Department of Pathology and Laboratory Medicine Mount Sinai Hospital 600 University Avenue Toronto, Ontario M5G 1X5 Canada E-mail: rvieth{at}mtsinai.on.ca

Dear Sir:

The recent paper in the Journal by Chan et al (1) may affect decisions a person may make to optimize nutrient intakes and to determine which clinical strategies to use to treat prostate cancer. They report that high intakes of dairy products or calcium increase the risk of prostate cancer and propose that anything that lowers circulating 1,25-dihydroxyvitamin D₃ [1,25(OH)₂D₃] concentrations—particularly the consumption of calcium or dairy products—could increase the risk of prostate cancer.

They state in the discussion section, "epidemiologic studies suggest that 1,25(OH)₂D₃ may protect against prostate cancer" (1). However, most of the epidemiologic studies they cite (2–5) do not support this statement. No study, except that by Corder et al (6), shows a relation between circulating 1,25(OH)₂D₃ concentrations and prostate cancer. Corder et al reported that the mean prediagnostic 1,25(OH)₂D₃ concentration was significantly lower in patients with prostate cancer than in a control cohort by 4.6 pmol/L (1.83 pg/mL). This difference in 1,25(OH)₂D₃ concentrations is poor evidence of a role for 1,25(OH)₂D₃ in prostate cancer given that normal concentrations typically range from 40 to 140 pmol/L.

The epidemiologic evidence relating prostate cancer to vitamin D or 25-hydroxyvitamin D₃ concentrations [25(OH)D₃] is based on ecologic studies that show an inverse correlation between ultraviolet light exposure and mortality rates from prostate cancer in the United States (5). Ultraviolet light has profound effects on circulating concentrations of 25(OH)D₃ but practically no effect on circulating 1,25(OH)₂D₃, the concentration of which is stimulated by low calcium intakes.

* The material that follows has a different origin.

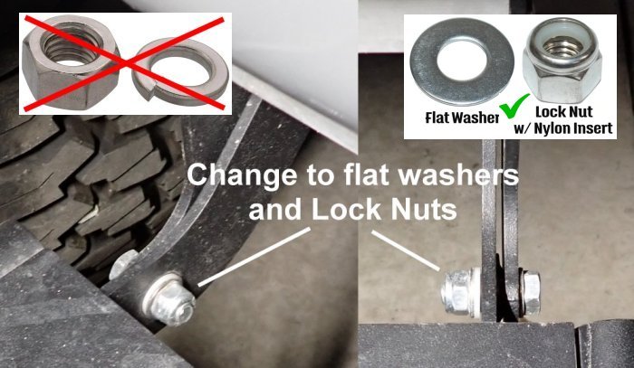 I suggest you replace all of the pivot nuts and lock washers with regular washers with lock nuts as soon as possible. The piviot bolts from the factory with just lock washers and regular nuts loosen,

Chan et al report that the mean 1,25(OH)₂D₃ concentration was significantly different only between the lowest and highest quartiles of calcium intake. However, the full increase in the relative risk of prostate cancer was already present, both in the third quartile of dairy calcium intake and in the third quintile of dairy product intake (Table 2 in reference 1). In other words, anything beyond just one glass of milk daily seems to increase the risk of prostate cancer, yet the risk is not correlated with 1,25(OH)₂D₃ concentrations. We are left to wonder whether the beneficial effect of calcium in lowering blood pressure, preventing osteoporosis, and even preventing the progression of existing prostate cancer (7) needs to be balanced against the risk of developing prostate cancer.

The mechanism explaining why ultraviolet light might prevent prostate cancer was elucidated by Schwartz et al (8) and others (9, 10), who showed that prostate cells synthesize their own 1,25(OH)₂D₃ from 25(OH)D₃. More importantly, the desirable in vitro effects of 1,25(OH)₂D₃ on prostate cells are achievable with 25(OH)D₃ supplementation alone (9).

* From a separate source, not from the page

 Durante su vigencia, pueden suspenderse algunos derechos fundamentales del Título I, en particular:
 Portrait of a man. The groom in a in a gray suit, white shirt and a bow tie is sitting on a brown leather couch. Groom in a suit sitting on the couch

In groups of men likely to have higher circulating 25(OH)D₃ concentrations than the subjects in the study by Chen et al, dietary calcium and circulating 1,25(OH)₂D₃ concentrations do not correlate with the prevalence of prostate cancer. Nomura et al (11) and Giovannucci (12) attributed the lack of a relation between 1,25(OH)₂D₃ concentrations and prostate cancer in men in Hawaii to their higher 25(OH)D₃ concentrations. Likewise, high 25(OH)D₃ concentrations might also explain the lack of an effect of calcium on prostate cancer risk in men in Milan, Italy (13).

When circulating 25(OH)D₃ is high enough, the prostate can generate the amount of 1,25(OH)₂D₃ needed to regulate proliferation and differentiation of its cells. In contrast, when circulating 25(OH)D₃ is so low that the prostate cannot produce enough of its own 1,25(OH)₂D₃, a higher circulating 1,25(OH)₂D₃ concentration resulting from a severe calcium intake restriction, as shown by Chan et al (1), appears relevant to the biology of the prostate gland.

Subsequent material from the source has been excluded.